There are honest physical limits. The laser loses power with rain, fog, and dust, needs to aim with millimeter precision, and requires a robust energy source onboard. It’s not the magic weapon that replaces everything. But for the specific range of small and medium drones flying a few kilometers away, it has become the most elegant and inexpensive answer military engineering has ever produced.
The European race
In the United Kingdom, the DragonFire program has moved from testing to a real contract. The British MBDA secured a deal worth hundreds of millions of pounds to deliver the system to the Navy and the Army, after demonstrating the beam taking down aerial targets mounted on a Wolfhound armored vehicle. The goal is to put the weapon into service well before initially planned, a sign that pressure has accelerated the schedule.

Germany is working with Rheinmetall on a naval laser for the coming years, after already testing a beam aboard a frigate. France has set up its own consortium with the national industry. And perhaps the most surprising fact, India has joined the club: its defense research agency tested a 30-kilowatt laser capable of neutralizing drones and small aircraft about five kilometers away, placing the country among the few that have demonstrated the technology in practice.

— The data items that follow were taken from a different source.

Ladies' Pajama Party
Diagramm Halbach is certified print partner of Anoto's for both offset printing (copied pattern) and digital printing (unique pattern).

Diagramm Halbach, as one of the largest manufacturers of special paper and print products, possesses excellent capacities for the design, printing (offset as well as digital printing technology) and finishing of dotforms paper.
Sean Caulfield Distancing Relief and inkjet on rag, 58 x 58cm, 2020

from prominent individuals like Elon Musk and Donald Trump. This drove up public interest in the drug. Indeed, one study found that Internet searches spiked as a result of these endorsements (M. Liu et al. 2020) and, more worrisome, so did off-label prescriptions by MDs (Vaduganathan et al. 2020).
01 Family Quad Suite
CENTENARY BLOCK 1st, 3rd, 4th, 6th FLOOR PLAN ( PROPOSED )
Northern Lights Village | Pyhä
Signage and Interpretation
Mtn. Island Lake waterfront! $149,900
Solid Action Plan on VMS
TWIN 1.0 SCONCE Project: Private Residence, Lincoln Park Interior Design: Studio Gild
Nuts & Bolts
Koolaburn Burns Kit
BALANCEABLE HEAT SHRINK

The threat that changed the calculations
To understand the urgency, just look at recent conflicts. In the Ukraine war and attacks in the Red Sea, drones costing a few thousand dollars forced ships and anti-aircraft batteries to burn expensive interceptors, sometimes at the ratio of a million-dollar missile to take down a market device. No defense budget, no matter how large, can sustain this exchange for long, and it was this reality check that brought lasers out of the lab.
The United States has also entered the race firmly, installing systems like HELIOS on warships and testing even more powerful beams for the Army. The goal of many of these forces is to reach lasers of 300 kilowatts or more, enough energy to move beyond small drones and also target missiles and rockets on a collision course. The greater the power of the beam, the larger and faster the target it can melt in the air.
Cents against millions
What unites all these programs is the same promise: to make drone defense a sustainable expense. Today, countries that rely solely on missiles to stop swarms are, in practice, losing the economic war even when they win the battle. We see this in recent conflicts, where an attack of cheap drones forces the defender to spend a fortune on interceptors. The laser promises to reverse this math.

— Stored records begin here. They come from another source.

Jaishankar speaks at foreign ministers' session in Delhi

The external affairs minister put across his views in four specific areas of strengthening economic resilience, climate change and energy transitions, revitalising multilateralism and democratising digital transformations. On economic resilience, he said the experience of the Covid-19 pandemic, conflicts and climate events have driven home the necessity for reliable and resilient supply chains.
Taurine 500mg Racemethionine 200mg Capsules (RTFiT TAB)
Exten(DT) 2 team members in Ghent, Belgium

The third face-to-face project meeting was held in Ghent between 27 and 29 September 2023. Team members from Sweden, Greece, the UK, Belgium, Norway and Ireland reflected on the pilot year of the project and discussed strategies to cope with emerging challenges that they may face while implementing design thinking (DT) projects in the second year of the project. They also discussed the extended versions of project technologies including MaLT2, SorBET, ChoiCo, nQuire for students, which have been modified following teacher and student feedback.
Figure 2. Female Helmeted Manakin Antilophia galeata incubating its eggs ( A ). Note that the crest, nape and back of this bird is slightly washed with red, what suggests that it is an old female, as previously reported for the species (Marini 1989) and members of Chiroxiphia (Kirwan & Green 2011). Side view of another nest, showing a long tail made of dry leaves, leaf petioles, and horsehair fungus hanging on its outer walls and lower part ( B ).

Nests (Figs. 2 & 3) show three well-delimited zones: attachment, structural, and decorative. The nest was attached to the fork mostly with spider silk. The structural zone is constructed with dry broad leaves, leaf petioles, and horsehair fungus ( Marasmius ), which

I confess there is something almost science fiction-like in seeing an invisible beam take down a target in the air without noise or smoke, and at the same time, it’s the most pragmatic thing in the world: pure economy. Armed forces are not chasing lasers for technological charm, but because the alternative has become too expensive to sustain.

The turning point now is scale. Moving from prototypes and demonstrations to hundreds of systems spread across ships, bases, and vehicles is the challenge that separates the promise from reality. Whoever masters mass production, not just showcase testing, will dictate how the low skies will be defended in the next decade.
Israel opened the door, Europe followed suit, and India proved that medium powers can also get there. The next frontier is no longer inventing the laser, but manufacturing it in series and cheaply enough to place it everywhere a drone might appear, from the deck of a warship to the roof of an armored vehicle in full motion.
Will the combat laser finally retire the expensive missile in defense against small drones?